Posted on: Wed, 01/17/2007 - 9:35am
anonymous's picture
Joined: 05/28/2009 - 16:42

Everybody check out the Boston Legal message boards and look for the postings by FLteacher2. My sister posted this just a little while ago, and she is a teacher. I think what she says is awesome. Her comments are based on being an aunt to all 3 of my PA/TNA children and teaching a class of children that she has had to make Peanut allergy aware. My son is now in the grade level she teaches and he has her to reading. And, she has caught a child sneaking in PB cups after halloween--let's just say he threw them away.
Believe me, she works from 7:00am until 6:00pm everyday at the school and the pay is terrible. But, that is not why she got into the profession to begin with--the money. Everyone knows this is a low paying, but highly rewarding career choice, and she is a born teacher. Anyway, read the post if you get a chance.
Stacie - Mother to:
11 yr. PA
8 yr. TNA
3 yr. PA&TNA

Posted on: Wed, 01/17/2007 - 12:08pm
PeanutKate's picture
Joined: 05/24/2000 - 09:00

I did watch the whole show after I signed off last night and was impressed by the balance of viewpoints presented. Yes, the litigation team suggested a shadow as an alternative for that family but the parents on the stand noted that they did not pursue that option because they were impressed by the teacher and felt it unnecessary.
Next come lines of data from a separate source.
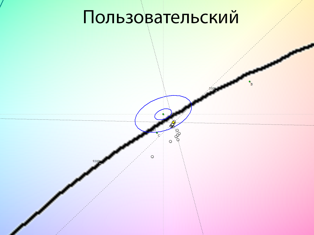 В итоге совет таков – если у вас нет измерительных приборов для настройки, то можно остановиться на заводских настройках либо выставить (от нечего делать) режим «Тёплый». В ходе дальнейшей настройки и, в частности, снижения яркости подсветки, могут понадобиться дополнительные коррекции ЦТ, но даже без них монитор будет относительно близок к референсу в 6500К.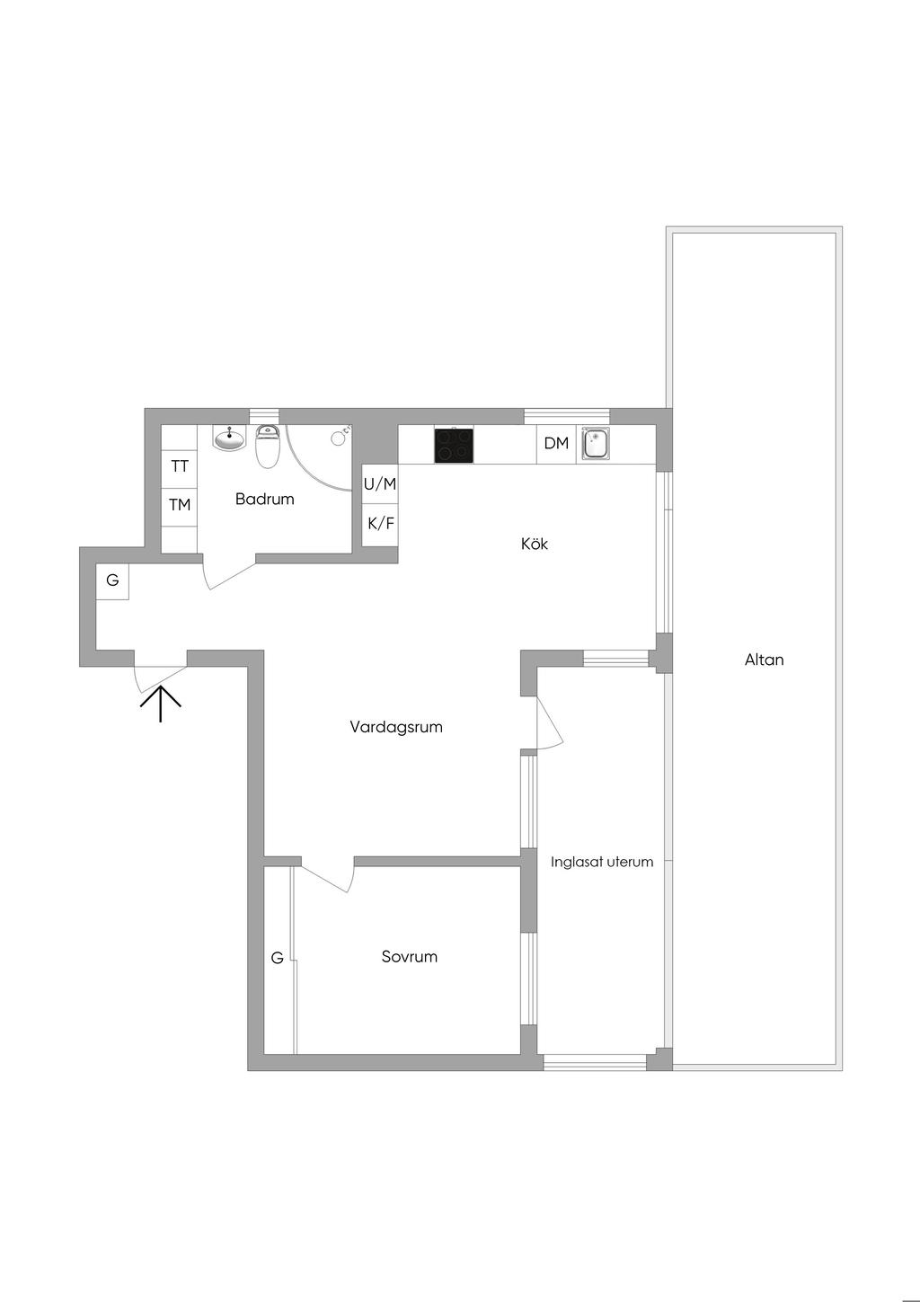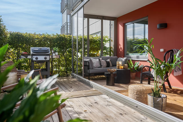 Välkommen till Larssons berg 13 och denna tvåa med unik uteplats och inglasat uterum!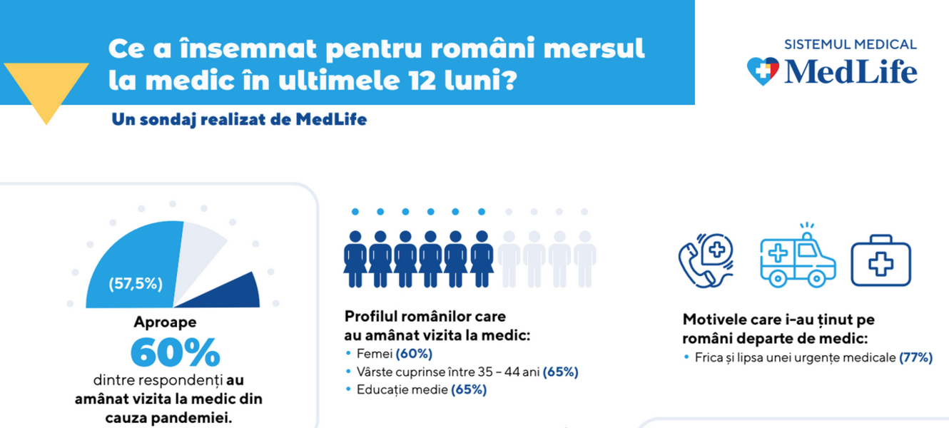 Contextul pandemic, însă, a schimbat comportamentele românilor în ceea ce privește vizitele la medic. Speriați de implicațiile și repercusiunile aduse de pandemie, mai mult de jumătate dintre respondenți au declarat că și-au amânat vizitele la medic în ultimele 12 luni. Profilul celor care au amânat să meargă la medic pe timpul pandemiei este conturat în special de femei (60%) cu vârste cuprinse între 35-44 de ani (65%) cu educație medie (65%).

Until the death they trusted and respected her and valued her in their son's classroom. I too trust and respect my son's teachers and I understand that however educated and attentive they are they are human and there could be a tragedy. Our family and the school does everything we can to reduct the risk but risk never gets to zero. I always tell teachers that I understand that and that all I expect is the best that they can do. In the case of the teacher on the show, she did her best in an exceptional circumstance--her father's death--and the show did a good job of balancing her human needs with the demands of an extraordinary situation. I really felt this was an excellent presentation of peanut allergy and the balance of needs of the individual characters. Fictionalized but very heartfelt and realistic. I am sorry so many of you disagree and I mean no disrespect with my alternate opinion.

Posted on: Wed, 01/17/2007 - 11:01pm
bonestable's picture
Joined: 04/05/2005 - 09:00

FAAN has issued a response to the show:
Press Statement: January 17, 2007
Boston Legal: It

Posted on: Fri, 01/19/2007 - 4:22am
SallyL's picture
Joined: 02/20/2006 - 09:00

Here's a link to the show on You Tube.

Posted on: Sat, 01/20/2007 - 11:15am
TwokidsNJ's picture
Joined: 05/28/2005 - 09:00

Thanks for posting this, esp the youtube link. I thought it was a fair show and sympathized with both sides. Hope it builds some awareness amongst school administrations.

Posted on: Sun, 01/21/2007 - 12:03pm
MimiM's picture
Joined: 10/10/2003 - 09:00

I watched the video and all I can think of is, what about the most of us that don't have the "means"? And even then, this could happen just as easily in a private school. It really doesn't matter how many kids there are if the teachers back is turned.
I understand that the fact that she was worried about her father having surgery but then shouldn't she have had another teacher cover her so that she could go elsewhere to make the call?

Posted on: Tue, 01/23/2007 - 11:01am
TinaM's picture
Joined: 08/25/2004 - 09:00

Well, as a former teacher in public school myself, what is the teacher doing on the cell phone in class??? I was not permitted to talk on the cell phone in class emergency or not. Also, as an educator, you are ultimately responsible for what goes on in your class health issues and all, period!
I think this show is an example of what schools and educators can "fire" back to the food allergic parents. It gives them room to "find" a way out of responsibility by laying the responsibility on the parents in a school "responsible" environment.
Don't think this show for one minute has helped the food allergy community! This gives the schools ammunition.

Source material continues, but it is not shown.